Before using any script, run pipenv shell
to enter the virtual environment.
Using the Twitter scraper requires registering as a Twitter developer and providing authentication keys. Place your keys in either .my_keys (in .gitignore) or config/keys.json. See the Twitter Developer page.
viper_scraper.py twitter [-h] [-d Data Directory] [-t Tracking File]
[-l Limit] [--photos_as_limit]
-d Data Directory
: Directory to save results to
-t Tracking File
: Path to a text file containing a list of phrases, one
per line, to track. See the Twitter page for filteringrealtime tweets.
-l Limit
: If photos as limit is true, the approximate number of
images to scrape. Else the approximate number of tweets
to scrape.
--photos_as_limit
: If present, Limit refers to the number of images to scrape rather than number of tweets
The Twitter scraper filters realtime tweets using the Twitter API. Text, metadata, and references to downloaded images are stored in data.csv under the specified directory.
python viper_scraper.py yolo ...
The VIPER scraper also integrates You Only Look Once (YOLO) real-time object detection.
For each tweet that passes the filter, the scraper will:
- Download the original image, if present.
- Save a version of the image with bounding boxes and predictions labelled
- Save a .json file containing the confidences for each class
- Save text and metadata, along with references to these files, in data.csv under the specified directory
viper_scraper.py yolo [-h] [-d Data Directory] [-t Tracking File]
[-l Limit] [--photos_as_limit] --names NAMES
--config CONFIG --weights WEIGHTS [-c CONFIDENCE]
[-th THRESHOLD]
In addition to the arguments shared by the basic Twitter scraper, YOLO integration takes these additional arguments:
--names NAMES
: A file containing the names, one per line, associated with the weights and config file for YOLO, e.g. coco.names.
--config CONFIG
: Config file for YOLO, e.g. yolov3.cfg.
--weights WEIGHTS
: Weights file for YOLO, e.g. yolov3.weights.
-c CONFIDENCE
: Minimum confidence to filter weak detections, default 0.5.
-th THRESHOLD
: Threshold when applying non-maxima suppression, default 0.3.
For example, to use the pretrained YOLO model (coco.names, yolov3.cfg, and yolov3.weights) with plane_tracking.txt, download the files and run:
python viper_scraper.py yolo -d data_yolo_planes -t config/plane_tracking.txt -l 1000 --names yolo/coco.names --config yolo/yolov3.cfg --weights yolo/yolov3.weights -c .5 -th .3
python viper_scraper.py instagram ...
This script and associated utility scripts are based on Antonie Lin's non-API instagram scraper under the MIT license. Visit his (now-archived) repository at:
https://github.com/iammrhelo/InstagramCrawler
This is a non-API Instagram scraper using Selenium. As such, it is liable to break as Instagram changes their site. I will try to maintain its integrity but please feel free to contribute.

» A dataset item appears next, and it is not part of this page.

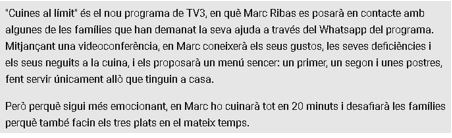 Però també aquest any passat el Marc es va aventurar amb el programa “Cuines al Limit”, on es un termini de 20 minuts es comprometia a fer tres plats, amb el que trobes ala nevera o al rebots dels participants, en un moment en que la pandèmia, ens tenia confinats i preocupats a casa…

Scrape n images and associated captions from either a user or a hashtag.
Before use, run
bash utils/get_gecko.sh
bash utils/get_phantomjs.sh
source utils/set_path.sh
Usage
viper_scraper.py instagram [-h] [-d DIR_PREFIX] [-q QUERY] [-n NUMBER] [-c caption] [-l Headless] [-a AUTHENTICATION] [-f FIREFOX_PATH]
-d Directory Prefix
: The directory to save data to.
-q QUERY
: The target (user or hashtag) to crawl. Add '#' for hashtags
-n NUMBER
: The number of posts to download.
-c Caption
: Add this flag to download captions when donaloading photos.
-l headless
: If set, will use PhantomJS driver to run script as headless
-a AUTHENTICATION
: Path to authentication JSON file - necessary for headless.
f FIREFOX_PATH
: Path to the firefox installation for selenium.
For example,
python viper_scraper.py instagram -d data_insta_test -q "#art" -c -n 100`
Will scrape the first 100 photos and captions from the art hashtag.
With docker or dockercompose installed using the following commands to install system.
Start the network
docker-compose up --build
To run any of the code above, after building the container use the following line.
docker-compose run viper pipenv run python viper_scraper.py twitter -h
Stop the network
docker-compose down
To start the running environment start bash:
docker-compose run viper bash
Now you can also run pipenv shell
and use all the above commands.
Inside the shell.
Stop the network
docker-compose down
To remove associated containers
docker ps -a | awk '{ print $1,$2 }' | grep viper_scraper_viper | awk '{print $1 }' | xargs -I {} docker rm {}
Print all of the images
docker images
Remove specific image
docker image rm 502285389a42
Now that this is done you can re-compose docker and run the program.